India-based centralized exchange WazirX is currently in the process of seeking partnerships to restore its full operations after experiencing a significant exploit that led to the loss of nearly half of its assets. Co-founder Nischal Shetty shared this development in a social media post on July 23, reassuring users that the team is actively working on finding a solution to restart its services. Shetty mentioned reaching out to potential partners to address the issue and help customers regain access to platform deposits, withdrawals, and trading functionalities.
WazirX revealed that a security breach occurred in one of its multisig wallets, resulting in the loss of over $230 million in user assets. The stolen funds included a wide range of cryptocurrencies, such as SHIB tokens, Ethereum tokens, Matic tokens, Pepe tokens, USDT, and Gala tokens. These assets represented approximately 50% of WazirX’s total holdings, as reported in its June proof-of-reserves statement. The exchange had to temporarily halt trading due to the impact of the hack on its ability to maintain 1:1 collaterals with assets.
In response to the security breach, Shetty mentioned ongoing efforts to make affected customers whole again. He expressed that the team is exploring various solutions and ideas to address the situation and ensure the security of user funds. Additionally, WazirX is actively collaborating with law enforcement agencies to identify the perpetrators behind the hack and recover the stolen funds. Despite the challenges faced, the exchange remains committed to resolving the issue and restoring trust among its user base.
To incentivize the hackers to return the stolen funds, WazirX has launched a $23 million bounty program. The exchange has already received numerous entries and is currently reviewing them. However, market observers have expressed skepticism about the likelihood of the funds being returned, citing the alleged association of the attackers with North Korea’s Lazarus Group. Despite the challenges ahead, WazirX continues to maintain that the hack was not a result of vulnerabilities in its product infrastructure.

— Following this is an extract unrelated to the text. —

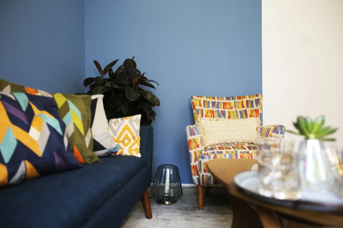 起居室被色彩界定出富有精神活力的学习区域和闲适的休憩空间。后者夜晚使用较多,选择了蓝灰色,让人放松、沉静。前者面向窗台,一整条明黄色书桌,高涨的情绪、欢快的心境。

Following the security breach, WazirX clarified that the hack did not impact the firm’s fiat INR funds. However, it did not provide details on whether INR withdrawals would be enabled in the near future. The exchange refuted claims that compromised wallet hardware played a role in the exploit, stating that the hacked multisig wallet was hosted by third-party custody provider Liminal. In response, Liminal argued that its infrastructure remained secure and attributed the security breach to compromised devices owned by WazirX. Shetty defended the exchange’s stance, emphasizing that the hack did not result from a phishing link but rather from the utilization of three signatures from three different devices with distinct hardware wallets.
The aftermath of WazirX’s security breach underscores the importance of robust cybersecurity measures in the cryptocurrency industry. The incident serves as a reminder of the ongoing threats faced by digital asset exchanges and the need for proactive security protocols to safeguard user funds. As WazirX continues to navigate the aftermath of the hack and work towards restoring its operations, the exchange must prioritize transparency, accountability, and collaboration with stakeholders to rebuild trust and credibility in the market.